▶ Exercise requirements:
Write out the records beneath this line exactly as they appear, minus any images.
Segment Start: Supplied entries
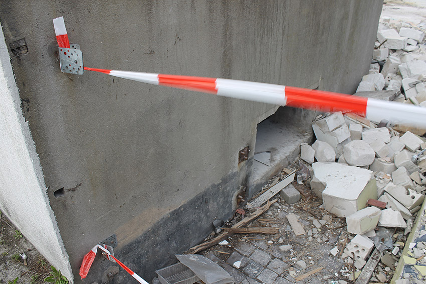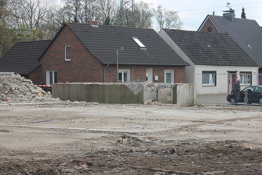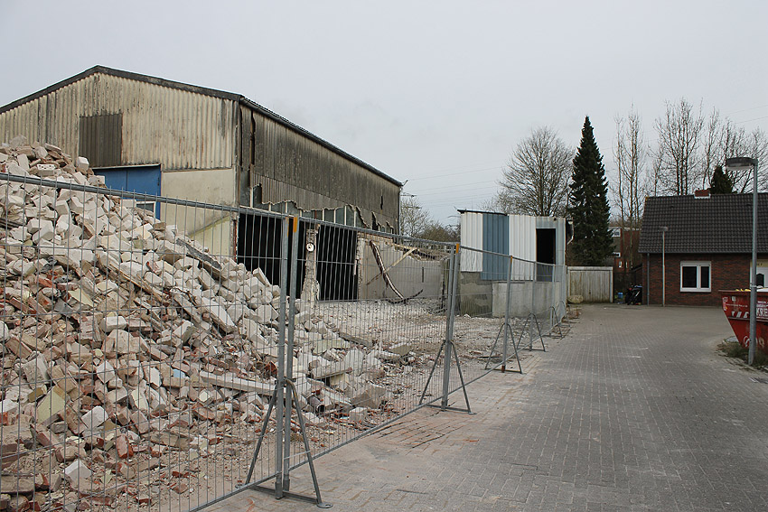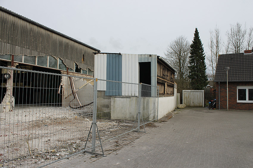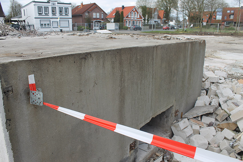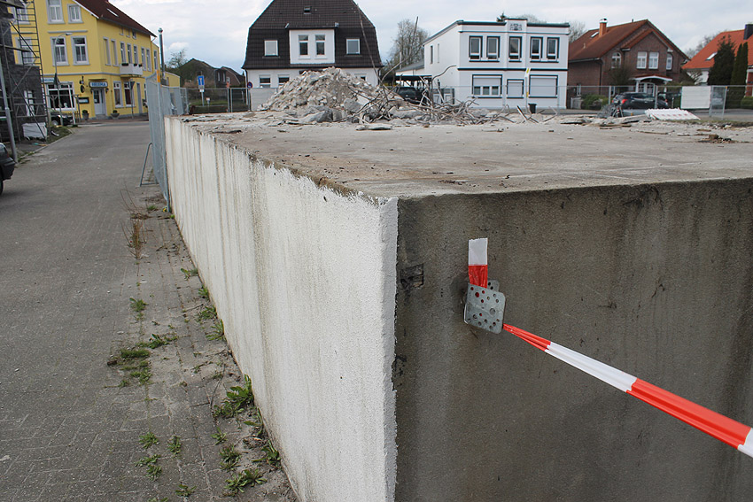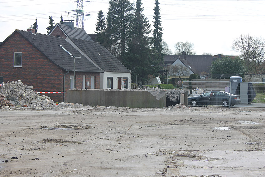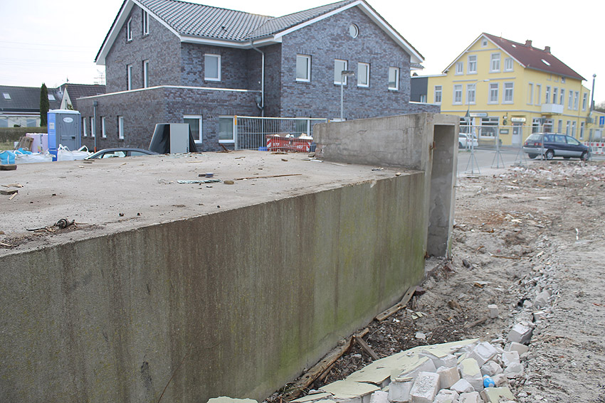 Wider Erwarten heute keine weitere Abrisstätigkeit. Der Schutzbau ist übrigens bauartgleich zum 2006 abgerissenen Zwilling in Rüstersiel bei "Blumen Fass" ausgeführt worden...
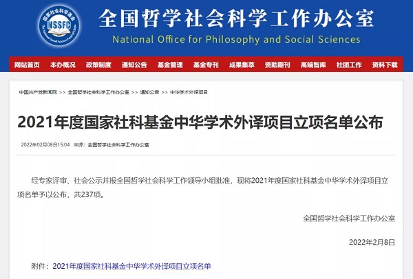 中华学术外译项目是国家社科基金项目的主要类别之一,主要资助代表中国学术水准、体现中华文化精髓、反映中国学术前沿的学术精品以外文形式在国外权威出版机构出版并进入国外主流发行传播渠道,旨在深化中外学术交流与对话,增进世界了解中国和中国学术,增强中国学术国际影响力和国际话语权,不断提升国家文化软实力。
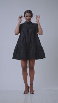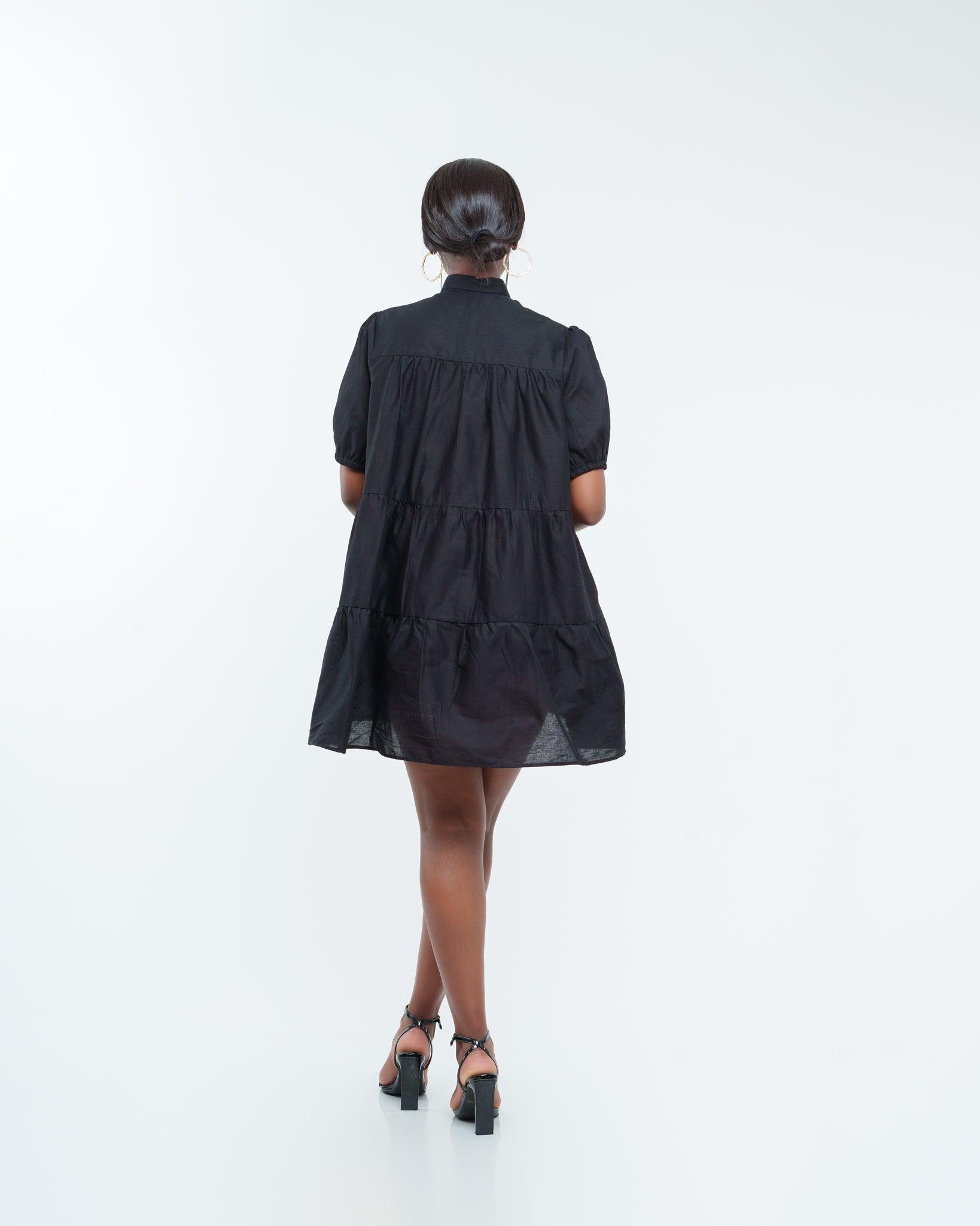 Meet the dress that does it all, playful, breathable, and endlessly versatile. Crafted from a soft, lightweight cotton-blend fabric, this tiered black shirt dress brings movement and comfort together in a chic A-line silhouette.
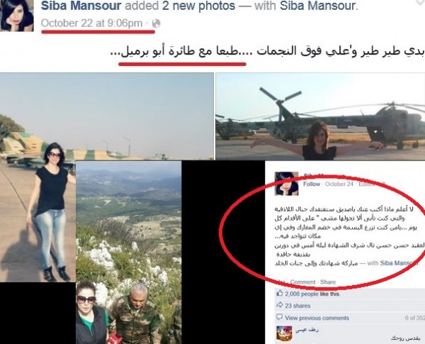 كما قامت بحذف منشور كانت قد أعلنت فيه رغبتها الشديدة بركوب "طائرة البراميل" المتفجرة التي تقصف الأحياء السكنية في سوريا.
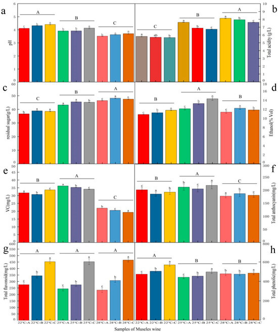 Chemical and antioxidant properties of Musalais wine produced by different fermentation temperatures after concentrating the grape juice to different Brix levels. Note: Fermentation temperatures of 22 °C, 25 °C, and 28 °C were used to concentrate grape juice at 100 °C to different Brix levels of 26 ° (A), 29 ° (B), and 32 ° (C). (a): pH; (b): Total acidity (g/L); (c): residul sugar (g/L); (d): Ethanol (% Vol); (e): VC (mg/L); (f): Total anthocyanin (mg/L); (g): Total flavonoid (mg/L); (h): Total phenolic (mg/L). Different lowercase letters denote statistically significant differences between the Brix at the same fermentation temperature of the total acidity, residual sugar content, pH, ethanol, VC, total anthocyanin, total phenolic content, and total flavonoid content. Different capital letters denote statistically significant differences among the fermentation temperatures of the total acidity, residual sugar content, pH, ethanol, VC, total anthocyanin, total phenolic content, and total flavonoid content. All statistics were determined by Duncan’s multiple range test.
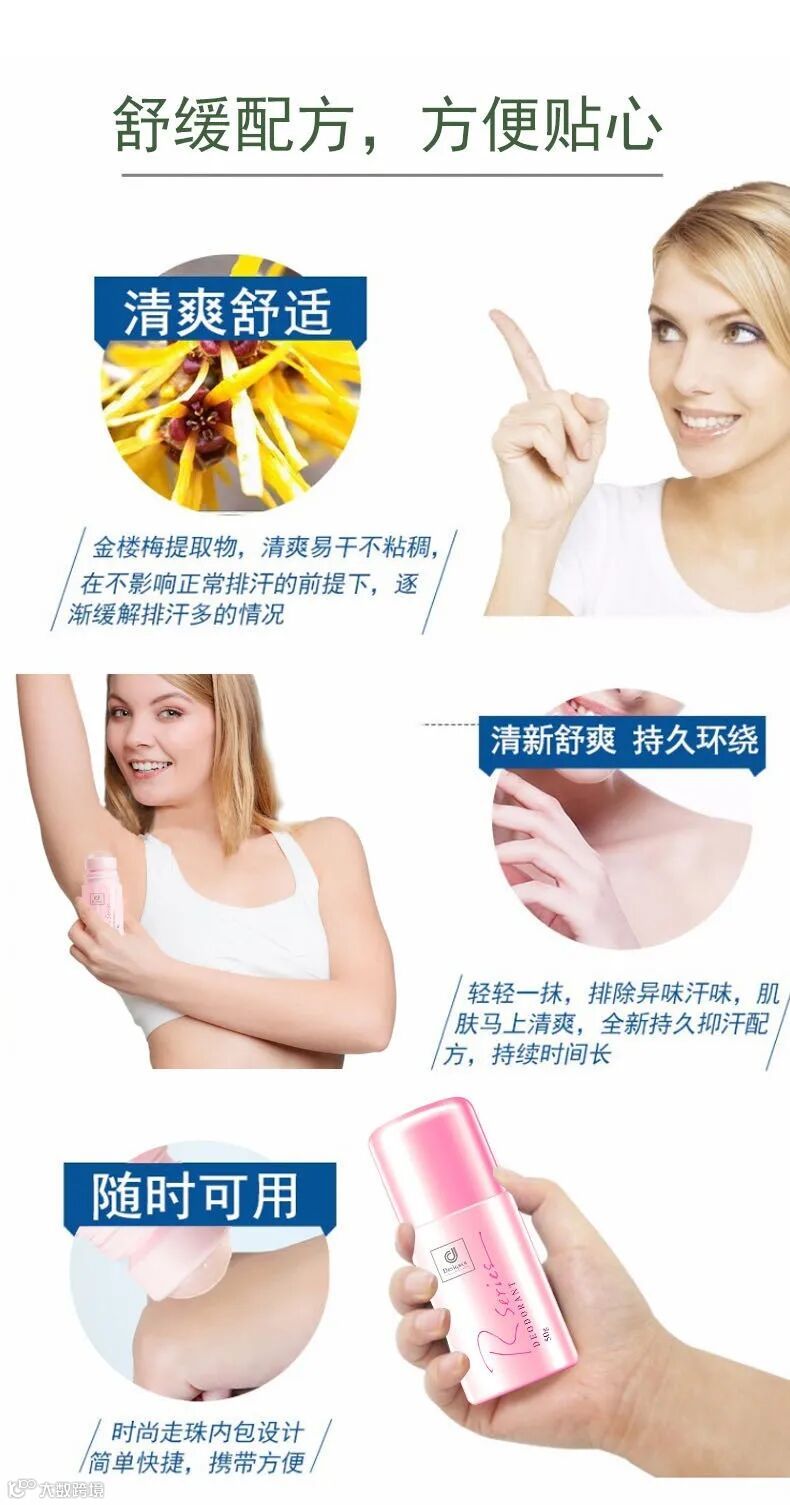 经常流汗出汗的男女都可以使用,清除异味止汗效果非常好。不刺激皮肤、不粘腻,而且很快干不会沾污衣物,轻轻涂抹于腋下肌肤,留下轻柔及百香的独特香味。外出携带也方便?身体乳,止汗露,一样的味道。
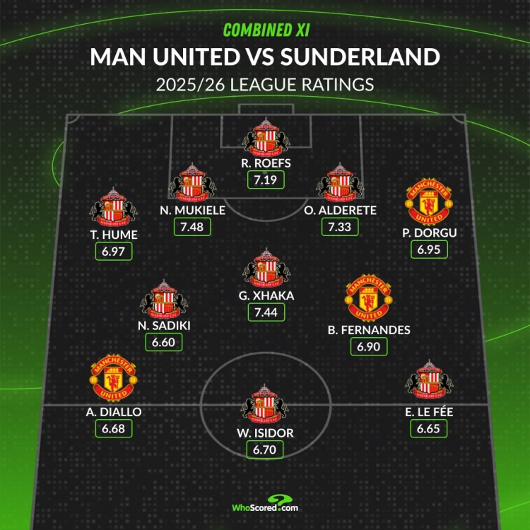 - WhoScored排曼联+桑德兰阵形 :曼联仅B费、多古、阿玛德三人在列
Segment End: Supplied entries
▶ Result for this task:
 Wider Erwarten heute keine weitere Abrisstätigkeit. Der Schutzbau ist übrigens bauartgleich zum 2006 abgerissenen Zwilling in Rüstersiel bei "Blumen Fass" ausgeführt worden...
 中华学术外译项目是国家社科基金项目的主要类别之一,主要资助代表中国学术水准、体现中华文化精髓、反映中国学术前沿的学术精品以外文形式在国外权威出版机构出版并进入国外主流发行传播渠道,旨在深化中外学术交流与对话,增进世界了解中国和中国学术,增强中国学术国际影响力和国际话语权,不断提升国家文化软实力。
 Meet the dress that does it all, playful, breathable, and endlessly versatile. Crafted from a soft, lightweight cotton-blend fabric, this tiered black shirt dress brings movement and comfort together in a chic A-line silhouette.
 كما قامت بحذف منشور كانت قد أعلنت فيه رغبتها الشديدة بركوب "طائرة البراميل" المتفجرة التي تقصف الأحياء السكنية في سوريا.
 Chemical and antioxidant properties of Musalais wine produced by different fermentation temperatures after concentrating the grape juice to different Brix levels. Note: Fermentation temperatures of 22 °C, 25 °C, and 28 °C were used to concentrate grape juice at 100 °C to different Brix levels of 26 ° (A), 29 ° (B), and 32 ° (C). (a): pH; (b): Total acidity (g/L); (c): residul sugar (g/L); (d): Ethanol (% Vol); (e): VC (mg/L); (f): Total anthocyanin (mg/L); (g): Total flavonoid (mg/L); (h): Total phenolic (mg/L). Different lowercase letters denote statistically significant differences between the Brix at the same fermentation temperature of the total acidity, residual sugar content, pH, ethanol, VC, total anthocyanin, total phenolic content, and total flavonoid content. Different capital letters denote statistically significant differences among the fermentation temperatures of the total acidity, residual sugar content, pH, ethanol, VC, total anthocyanin, total phenolic content, and total flavonoid content. All statistics were determined by Duncan’s multiple range test.
 经常流汗出汗的男女都可以使用,清除异味止汗效果非常好。不刺激皮肤、不粘腻,而且很快干不会沾污衣物,轻轻涂抹于腋下肌肤,留下轻柔及百香的独特香味。外出携带也方便?身体乳,止汗露,一样的味道。
 - WhoScored排曼联+桑德兰阵形 :曼联仅B费、多古、阿玛德三人在列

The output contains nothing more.